* Exercise goal: Without copying any picture, transcribe exactly the lines of the data below from the one containing "15时30分,仪式正式开始,3名仪仗队员" through the one containing "1986 Sea Ray".

* Data to use:

_ _ _ _

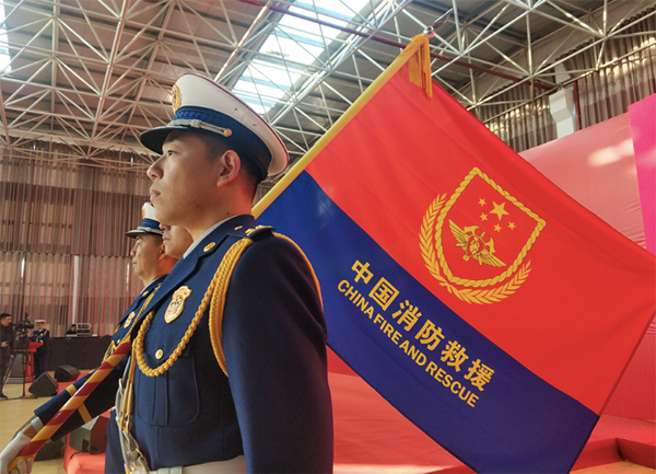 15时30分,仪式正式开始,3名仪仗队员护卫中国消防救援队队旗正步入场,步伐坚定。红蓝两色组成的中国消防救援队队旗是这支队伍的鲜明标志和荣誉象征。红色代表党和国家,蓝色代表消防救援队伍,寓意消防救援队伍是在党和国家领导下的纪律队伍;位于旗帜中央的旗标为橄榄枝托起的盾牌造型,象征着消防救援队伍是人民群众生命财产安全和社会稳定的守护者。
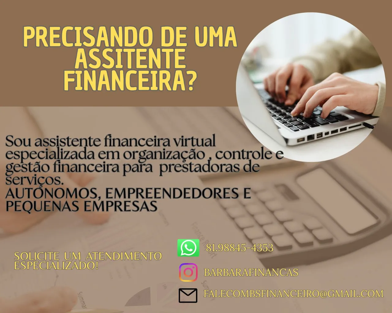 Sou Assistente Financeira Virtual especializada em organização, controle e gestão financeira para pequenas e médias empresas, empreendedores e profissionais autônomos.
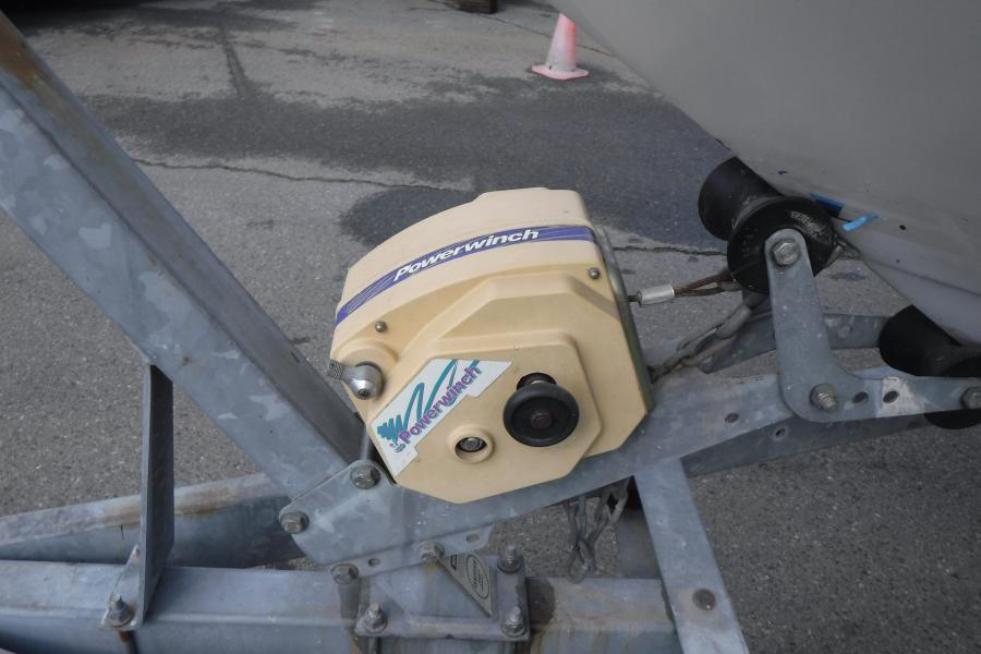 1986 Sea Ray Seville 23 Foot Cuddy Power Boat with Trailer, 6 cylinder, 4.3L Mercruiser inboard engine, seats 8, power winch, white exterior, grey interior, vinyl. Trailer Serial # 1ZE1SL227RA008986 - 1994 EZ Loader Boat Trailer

_ _ _ _

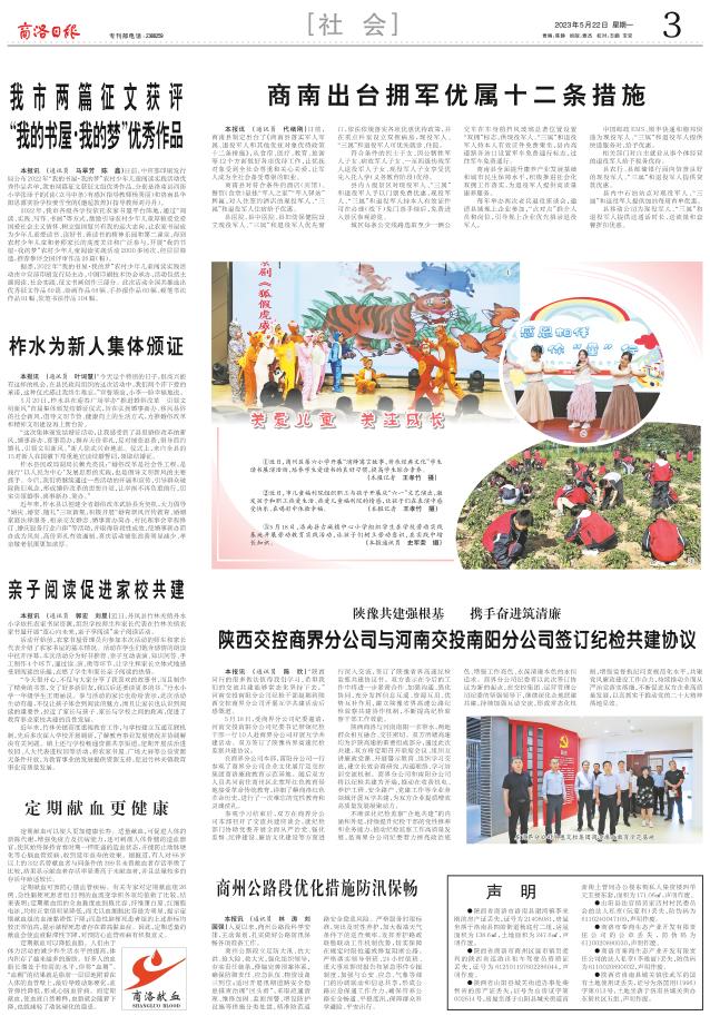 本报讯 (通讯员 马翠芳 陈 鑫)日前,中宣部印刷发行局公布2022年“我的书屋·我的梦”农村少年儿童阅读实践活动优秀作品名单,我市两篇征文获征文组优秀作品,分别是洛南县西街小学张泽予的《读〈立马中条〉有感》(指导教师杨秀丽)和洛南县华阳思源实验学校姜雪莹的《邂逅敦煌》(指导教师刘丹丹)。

_ _ _ _

* Answer space:
 15时30分,仪式正式开始,3名仪仗队员护卫中国消防救援队队旗正步入场,步伐坚定。红蓝两色组成的中国消防救援队队旗是这支队伍的鲜明标志和荣誉象征。红色代表党和国家,蓝色代表消防救援队伍,寓意消防救援队伍是在党和国家领导下的纪律队伍;位于旗帜中央的旗标为橄榄枝托起的盾牌造型,象征着消防救援队伍是人民群众生命财产安全和社会稳定的守护者。
 Sou Assistente Financeira Virtual especializada em organização, controle e gestão financeira para pequenas e médias empresas, empreendedores e profissionais autônomos.
 1986 Sea Ray Seville 23 Foot Cuddy Power Boat with Trailer, 6 cylinder, 4.3L Mercruiser inboard engine, seats 8, power winch, white exterior, grey interior, vinyl. Trailer Serial # 1ZE1SL227RA008986 - 1994 EZ Loader Boat Trailer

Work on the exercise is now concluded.